🤖 AI Summary
This work addresses real-time, map-free self-localization on planar graphs (e.g., indoor floorplans) without retraining or large-scale image databases. The proposed data-driven, lightweight method operates solely on a generic monocular depth estimator and the floorplan. Its core contributions are: (1) a novel ray-based observation model that fuses single- and multi-view depth predictions, eliminating reliance on image upright orientation; and (2) a temporal-aware recursive Bayesian filtering module for efficient observation fusion and state update.
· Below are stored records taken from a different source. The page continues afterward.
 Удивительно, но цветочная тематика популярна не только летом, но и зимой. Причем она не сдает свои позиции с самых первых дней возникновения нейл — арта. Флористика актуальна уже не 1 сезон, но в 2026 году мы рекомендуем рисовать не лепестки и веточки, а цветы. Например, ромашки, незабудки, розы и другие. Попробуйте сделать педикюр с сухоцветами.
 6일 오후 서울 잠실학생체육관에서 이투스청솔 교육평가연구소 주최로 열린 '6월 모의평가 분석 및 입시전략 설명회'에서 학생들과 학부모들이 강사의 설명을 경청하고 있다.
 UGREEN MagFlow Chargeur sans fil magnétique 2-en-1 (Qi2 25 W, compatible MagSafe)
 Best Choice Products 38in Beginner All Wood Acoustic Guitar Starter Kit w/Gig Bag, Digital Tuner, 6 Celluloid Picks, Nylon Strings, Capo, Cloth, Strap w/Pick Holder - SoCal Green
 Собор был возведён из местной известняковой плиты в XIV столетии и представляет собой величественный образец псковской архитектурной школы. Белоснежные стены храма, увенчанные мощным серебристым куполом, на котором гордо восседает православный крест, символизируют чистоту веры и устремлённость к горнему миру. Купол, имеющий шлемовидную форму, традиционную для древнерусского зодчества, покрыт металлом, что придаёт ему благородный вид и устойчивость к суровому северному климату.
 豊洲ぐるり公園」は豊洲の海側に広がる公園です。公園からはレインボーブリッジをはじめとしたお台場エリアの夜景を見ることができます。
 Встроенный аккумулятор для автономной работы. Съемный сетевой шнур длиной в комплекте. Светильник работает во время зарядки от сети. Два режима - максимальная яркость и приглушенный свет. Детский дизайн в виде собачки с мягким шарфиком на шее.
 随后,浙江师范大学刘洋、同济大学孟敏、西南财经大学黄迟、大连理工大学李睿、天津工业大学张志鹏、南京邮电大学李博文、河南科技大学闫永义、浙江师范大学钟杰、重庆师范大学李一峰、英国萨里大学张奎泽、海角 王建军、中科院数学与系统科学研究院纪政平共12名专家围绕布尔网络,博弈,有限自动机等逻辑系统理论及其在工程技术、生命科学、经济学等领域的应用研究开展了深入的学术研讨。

The approach runs in real time on consumer-grade hardware. Evaluated on standard benchmarks, it significantly outperforms state-of-the-art methods [20, 28] in localization accuracy and robustness—especially under viewpoint and lighting variations—while requiring minimal deployment overhead and no domain-specific training.
📝 Abstract
In this paper we propose an efficient data-driven solution to self-localization within a floorplan. Floorplan data is readily available, long-term persistent and inherently robust to changes in the visual appearance. Our method does not require retraining per map and location or demand a large database of images of the area of interest. We propose a novel probabilistic model consisting of an observation and a novel temporal filtering module. Operating internally with an efficient ray-based representation, the observation module consists of a single and a multiview module to predict horizontal depth from images and fuses their results to benefit from advantages offered by either methodology. Our method operates on conventional consumer hardware and overcomes a common limitation of competing methods [16], [17], [20], [28] that often demand upright images. Our full system meets real-time requirements, while outperforming the state-of-the-art [20], [28] by a significant margin.